Armyworms Seen In The Northland; Save Your Trees
On the way to the campground this week-end we commented on how big the leaves of the trees were, not knowing we should enjoy them while we have them! ARMY WORMS!!! When we camp at Grand Casino Hinckley we always run the back country roads. It reminds me of the back roads in Wrenshall. While running we experience beautiful forestry and quaint farms where locals work hard growing crops and raising cattle (which sometimes makes it difficult to breathe when running….”dairy air”)…but we weren’t prepared to see what we saw. We should have been, it IS that time of year. They looked like tiny cotton sacs, stretched from limb to limb. Sacs of army worm eggs…as the sun hit the sac, it luminated shadows of army worms not yet out, crawling around inside. It took me a minute to realize the OUTSIDE of the sac had actual, rather healthy looking, army worms clinging to it, no doubt waiting for friends and family to “break out” of their cotton jail. As we ran further, we noticed more and more of these birthing sacs. I did my research and the experts say that 2011 is not in the cycle to be horrendous, but one is bad enough, don’t you agree?
Remember about 10 years ago when they were at their peak? They had a water truck go through before the Grandma’s Half Marathon started to wash them off the road. By the time the full marathoners came through, the army worms had climbed back onto the road, causing a very slippery, sloppy run!
How did the army worms affect your summer the year they were bad? Remember them hanging from the trees on a web-like string?
The name “armyworm” has been applied to the forest tent caterpillar and other moths whose numbers buildup, defoliate trees, and then move in great numbers to other trees to continue their leaf damage. The true armyworm, Pseudaletia unipuncta, is a caterpillar that belongs to the cutworm family, and it is primarily a pest of grasses, small grains, and corn.

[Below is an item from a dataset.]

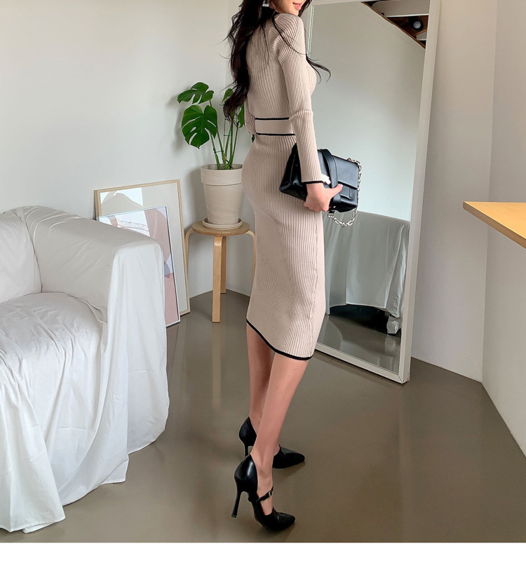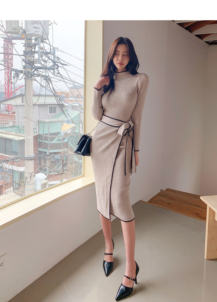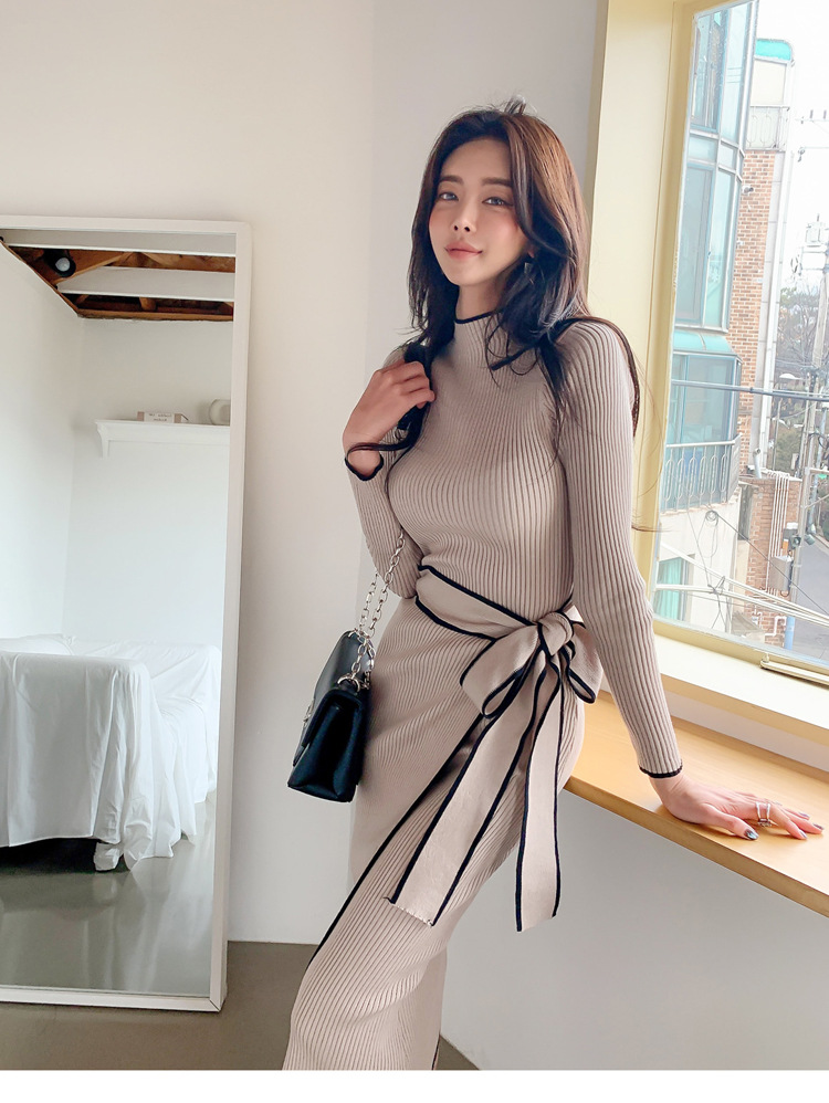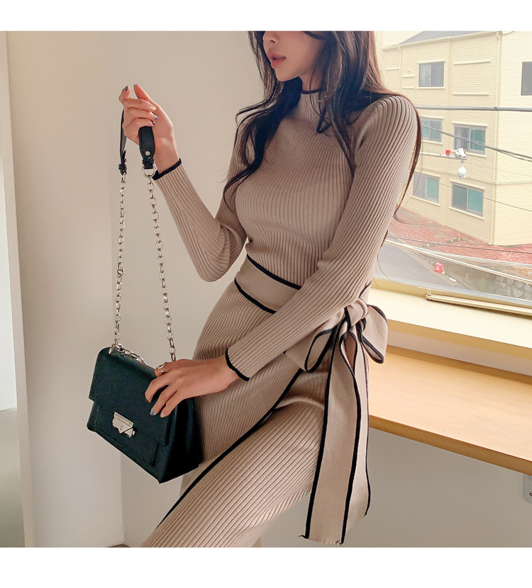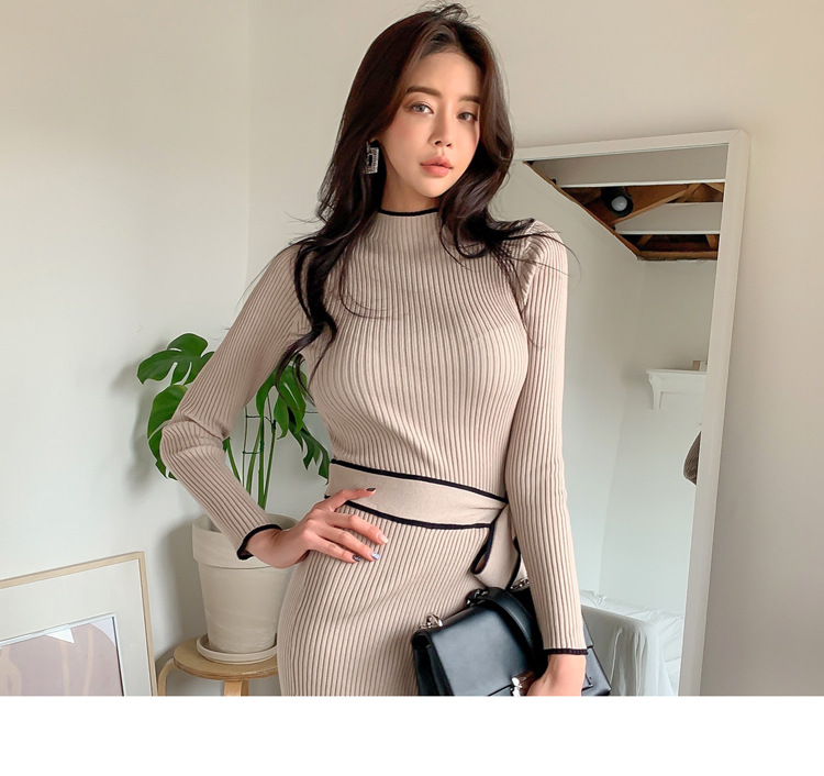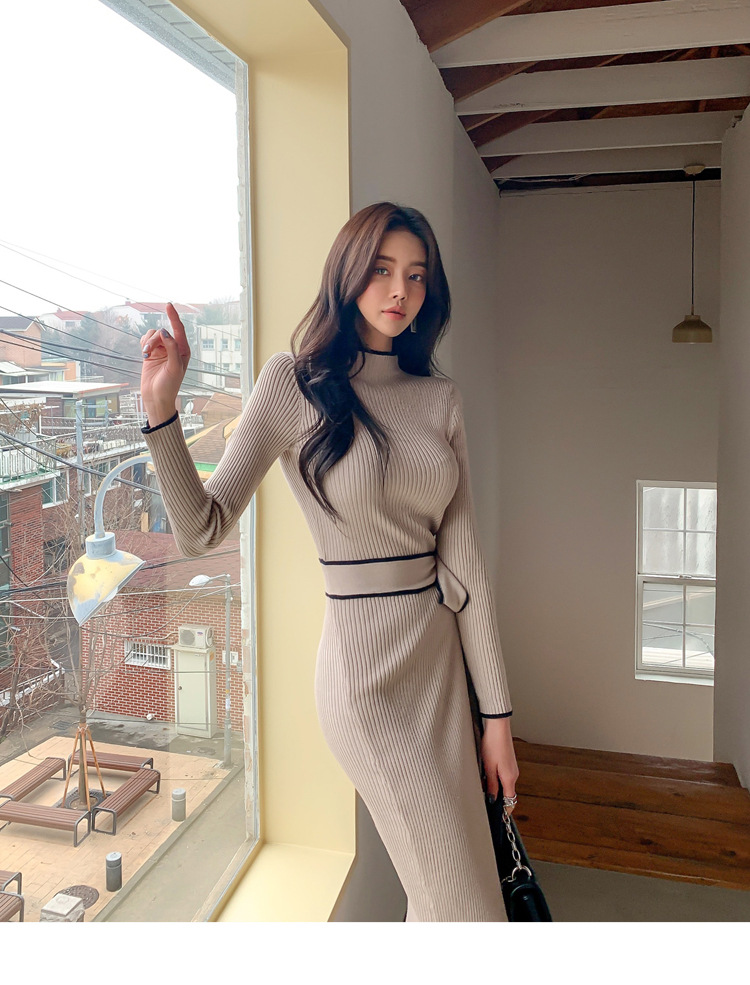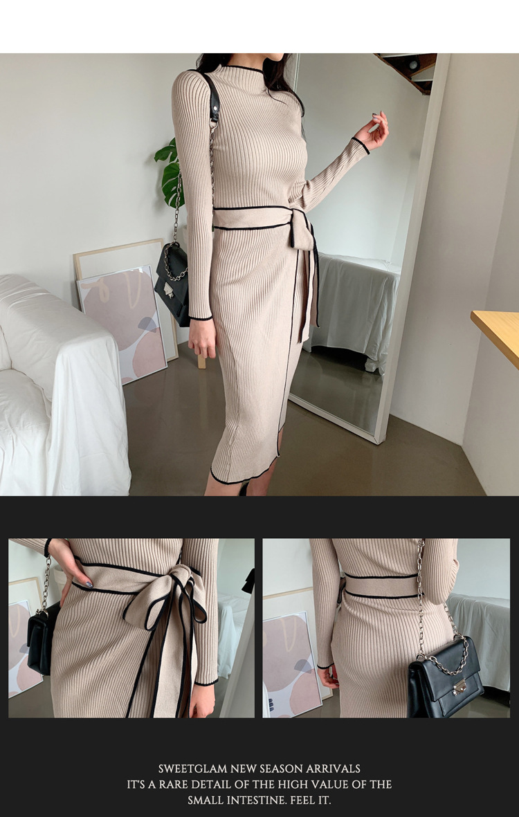 한국 세련된 가을과 겨울 빈티지 틈새 반 터틀넥 슬림 핏 우아한 색상 매칭 중간 길이 스트랩 니트 원피스 여성스토어 가기

Here’s how you can protect your trees:
According to Echo Press, there are a number of insecticide soaps and sprays you can buy…or you could simple wrap the trunk of the tree with tin foil or plastic wrap and coat it with oil INSIDE AND OUT, those little buggers will go under your wrap job if you don’t.
Good Luck! May the “forest” be with you….(ok, bad joke, but couldn’t resist)!